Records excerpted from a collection
------------------------------
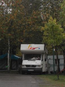 Wohnmobil unter Bäumen - leicht schief da brauchte ich die Beine nicht hochlegen.
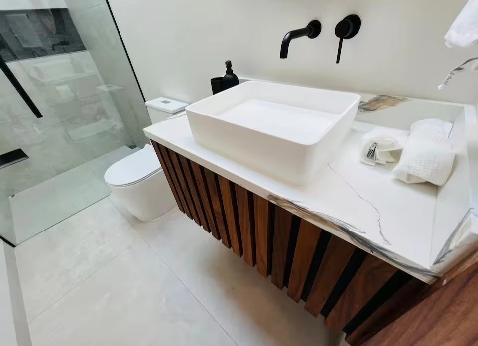 This quartz features a warm cream to light beige base with delicate gray veining accented by hints of gold or brown, creating a subtle crackle effect and an elegant, textured appearance with low to medium contrast.
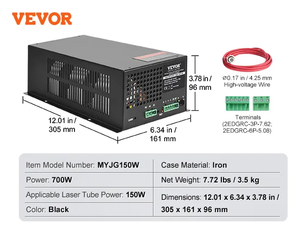 VEVOR CO2 Laser Power Supply, 150W, Power Supply for 150W Laser Tube, Constant Current Protection, Open Circuit Protection, Fast Heat Dissipation, Compatible for Multi-brand Laser Engravers & Cutters
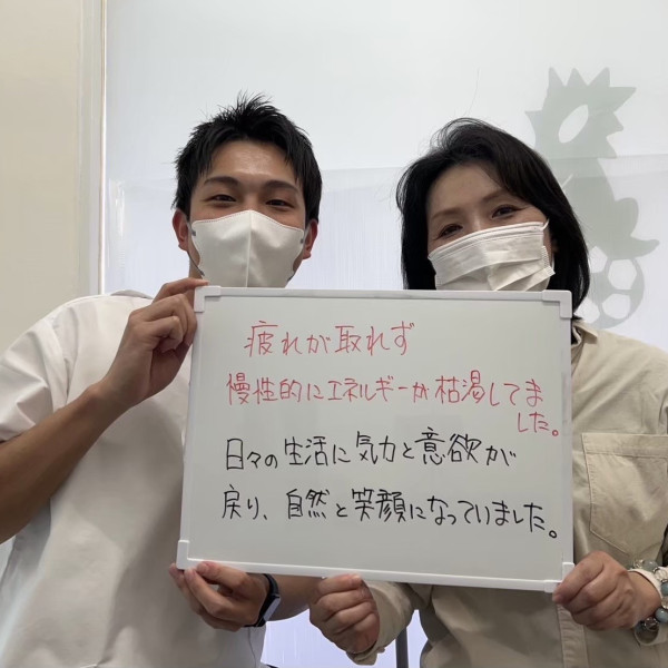 体の緊張が解けたことで心も体も軽くなり、自然と笑顔がこぼれている自分がいました。日々の生活にも気力・意欲が戻ってきました!
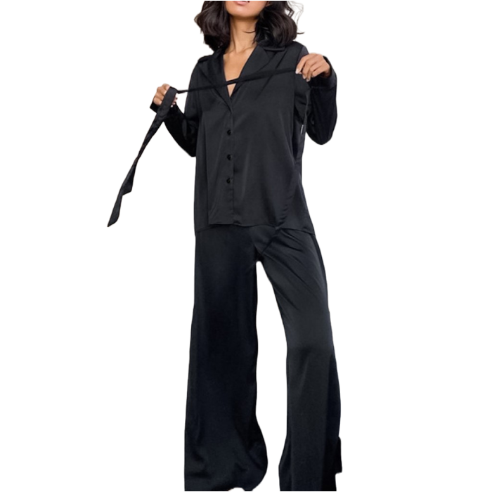 ROMINA Σατέν υφής σετ πιτζάμες με πουκαμίσα με δέσιμο στα μανίκια & παντελόνα με ανοίγματα στο πλάι
------------------------------
Give again, word for word, the line that contains "VEVOR CO2 Laser" and every line after it through the end of the entries; omit the pictures.

• [Result]
 VEVOR CO2 Laser Power Supply, 150W, Power Supply for 150W Laser Tube, Constant Current Protection, Open Circuit Protection, Fast Heat Dissipation, Compatible for Multi-brand Laser Engravers & Cutters
 体の緊張が解けたことで心も体も軽くなり、自然と笑顔がこぼれている自分がいました。日々の生活にも気力・意欲が戻ってきました!
 ROMINA Σατέν υφής σετ πιτζάμες με πουκαμίσα με δέσιμο στα μανίκια & παντελόνα με ανοίγματα στο πλάι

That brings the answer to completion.